Indagada pelo MPF, a Caixa informou que as apostas virtuais possuem um custo operacional mais alto e que, por isso, a cobrança de valor mínimo seria justificável. Inicialmente, o banco chegou a informar, ainda, que vinha realizando estudos para analisar a possível redução do limite mínimo das apostas on-line. Todavia, em ofício posterior, relatou que os novos estudos constataram que o custo operacional deveria ser mantido e, por conseguinte, não seria possível reduzir o limite mínimo imposto.
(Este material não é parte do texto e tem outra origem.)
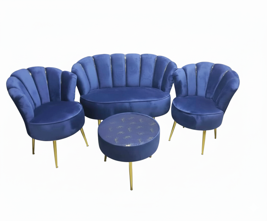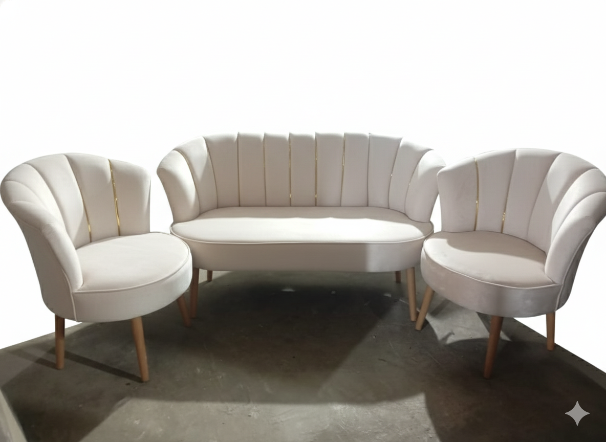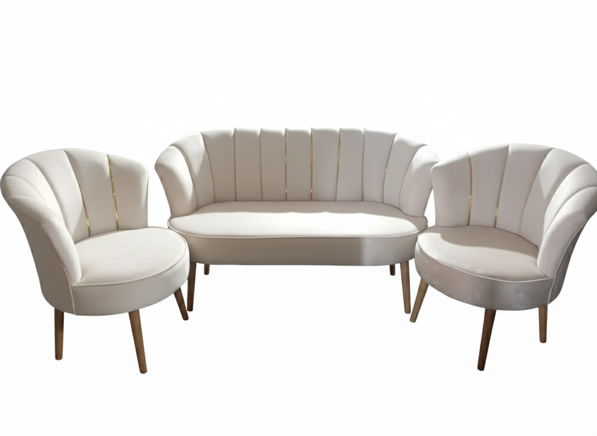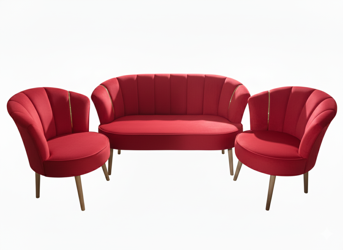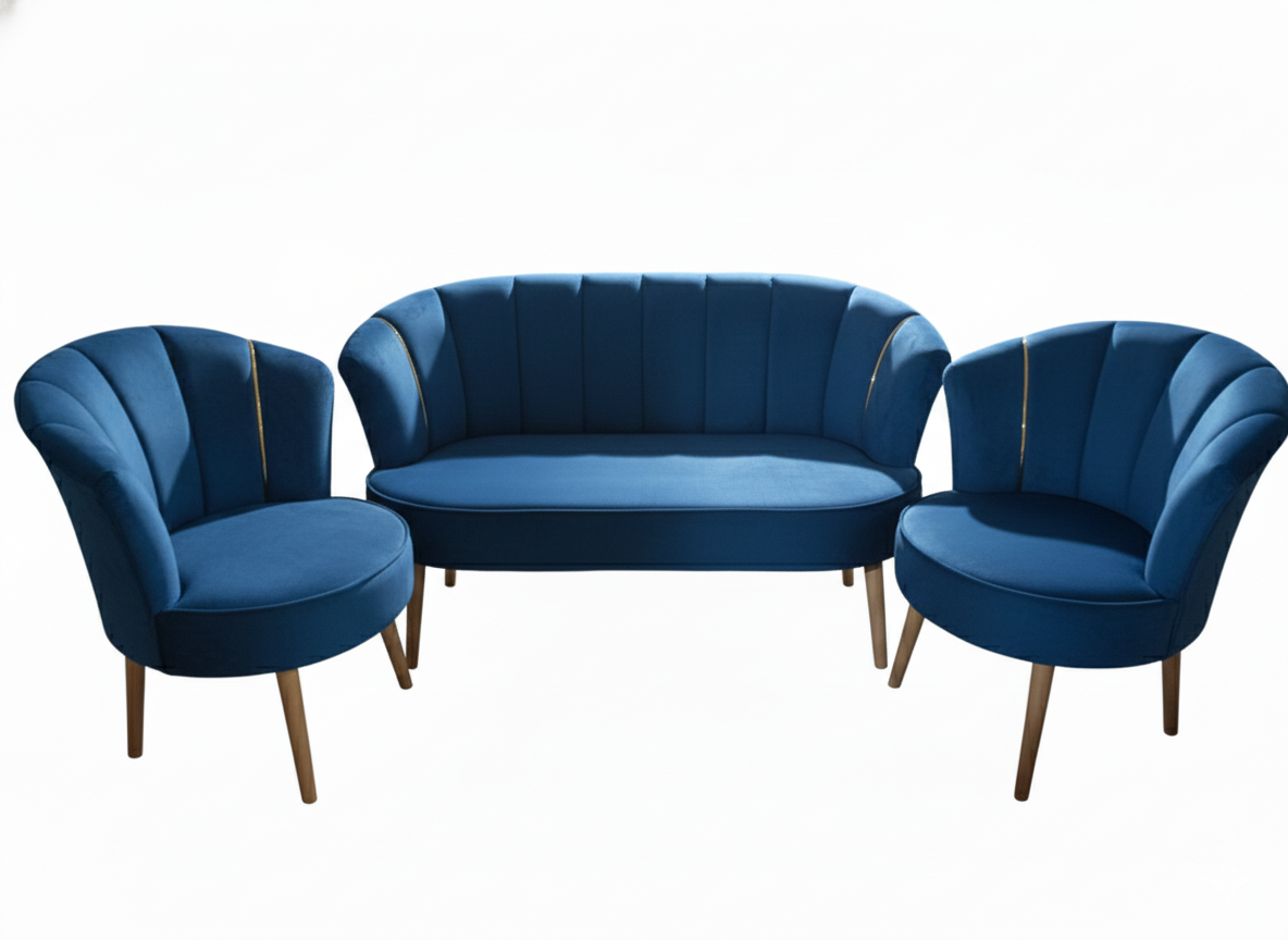 Cet ensemble de salon se distingue par son design Ă©lĂ©gant et contemporain, inspirĂ© du style Art DĂ©co. Il se compose d’un canapĂ© deux places et de deux fauteuils individuels, crĂ©ant une ambiance sophistiquĂ©e et accueillante.

Em razão disso, o MPF pede ainda, na ACP, que seja determinado à Caixa que apresente em Juízo todos os dados referentes ao custo operacional dos serviços de loteria virtual, demonstrando, por meio de quadro comparativo, a diferença entre os custos do atendimento presencial e on-line das lotéricas, no que se refere às apostas.

Para a procuradora da República em Goiás Mariane Guimarães de Mello Oliveira, a conduta do banco configura prática abusiva de consumação mínima e fere o princípio da isonomia em razão da grande diferença na venda dos bilhetes entre a via física e o canal on-line. “A Caixa trata de maneira divergente e sem justificativa plausível os consumidores de um mesmo produto ou serviço, fornecidos por ela mesma, dificultando injustamente o acesso aos consumidores mais carentes à opção virtual”, esclarece a procuradora. Ela lembra, ainda, que o distanciamento social é prática extremamente necessária para conter a disseminação do novo coronavírus e que a exigência do valor mínimo de R$ 30 para a aposta on-line pode aumentar consideravelmente as aglomerações em casas lotéricas.

Em caso de descumprimento, o MPF pede que seja aplicada multa diária no valor de R$ 5 mil ao banco.